I did go to see a Tegan and Sara concert a few years ago, and a friend let me stay with him and his grandmother. Her name was Hannah, she had been born in Scotland and was in her 80s. I brought her a pot of tulips as a hostess gift, pretty, yellow and capable of being planted outside just as easily as thrown out - rather than cut flowers, which die and have to be thrown away in a few days time.
She loved me. I barely saw her that night before the concert, but was up early the next morning and we talked for hours. She talked about what it was like to live in Scotland before they grew wheat, so she was forced to eat porridge as a girl and abhorred the stuff now. She cherished soft bread and refined flour.

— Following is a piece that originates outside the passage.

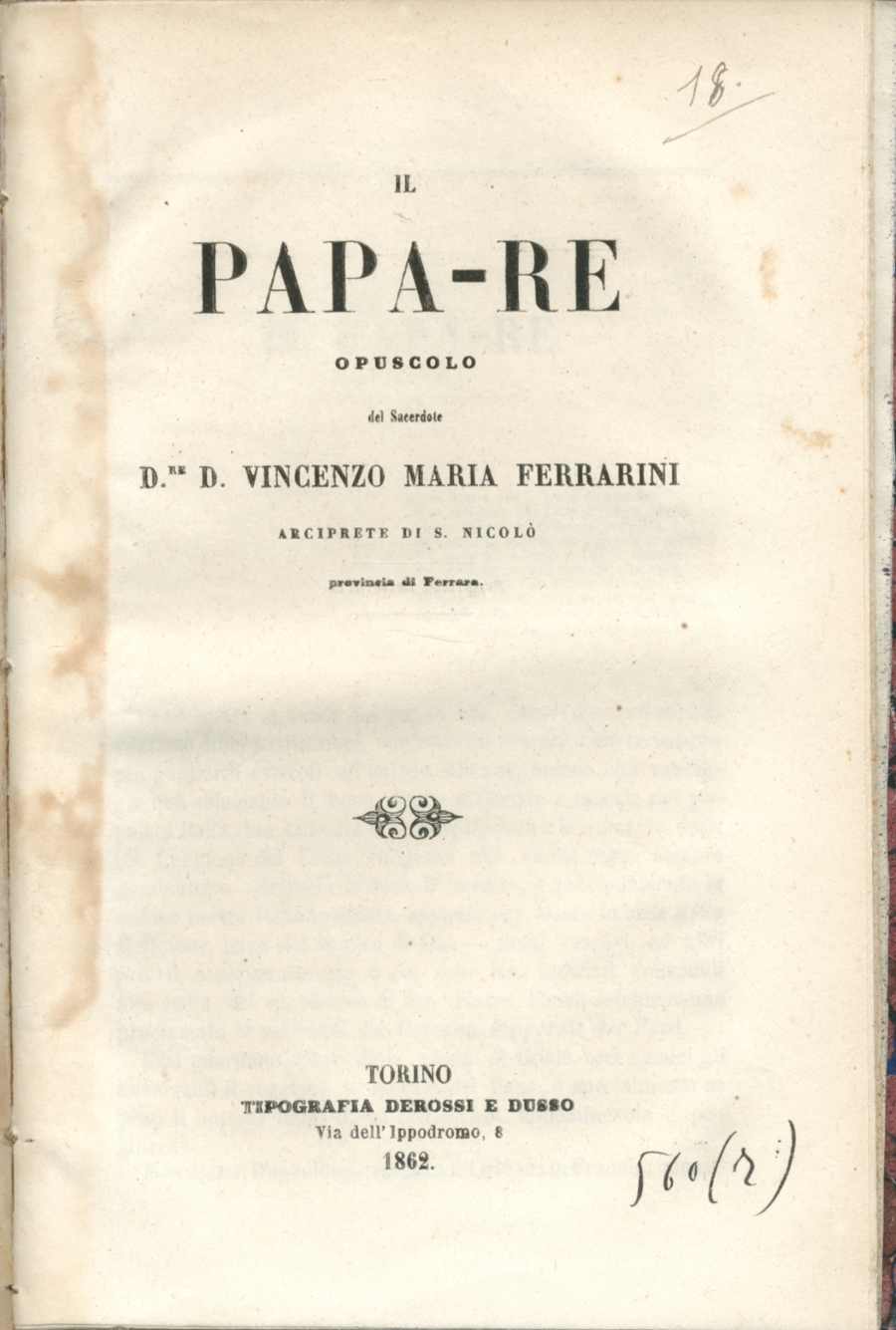 A fronte della «sostanziale e intransigente compattezza del clero ferrarese» (Samaritani), non mancarono i sacerdoti di sentimenti liberali che plaudettero all’unificazione politica della penisola, auspicando una conciliazione tra Stato e Chiesa. Tra questi don Vincenzo Maria Ferrarini, parroco di San Nicolò d’Argenta, autore nel 1862 di un opuscolo intitolato Il Papa-Re, in cui sosteneva che il pontefice avrebbe dovuto deporre la «temporale dominazione» e «non contrastare i progressi della società». È probabile che anche il parroco di Serravalle, don Angelo Melandri, consentisse con le istituzioni liberali, se è vero che nel 1862 condusse tutti i suoi parrocchiani a votare. Analoghi sentimenti nutrivano don Eugenio Rinaldi, don Cleto Gasperini, don Felice Magnani, don Luigi Zerbinati e don Bartolomeo Ballerini, i quali, a dispetto delle prescrizioni della Santa Sede, presero parte nel 1861 alla Festa dello Statuto. L’anno successivo don Eugenio Rinaldi avrebbe sottoscritto la petizione promossa da padre Carlo Passaglia affinché il papa rinunciasse al potere temporale. Don Rinaldi, don Gasperini, don Magnani, don Zerbinati e don Ballerini erano tutti insegnanti del liceo-ginnasio cittadino e tutti, ciò che è assai significativo, non ferraresi d’origine.

She talked about what it was like to move with her husband to San Francisco in the 60s, watching the city bloom as her husband checked phone lines and she raised the children and learned to paint. She slipped in and out of time, weaving her tale with her Scottish brogue never diminished. She talked about how she'd love to paint the tulips, regal and strong and unbending, and how I seemed to understand her more than her own daughter, who brought flower arrangements spilling over with bushy leaves and baby's breath. She connected with me. And even if I never see her again, it was a few hours where she felt like she could tell her story to someone who cared, who would understand, and I loved being a part of that.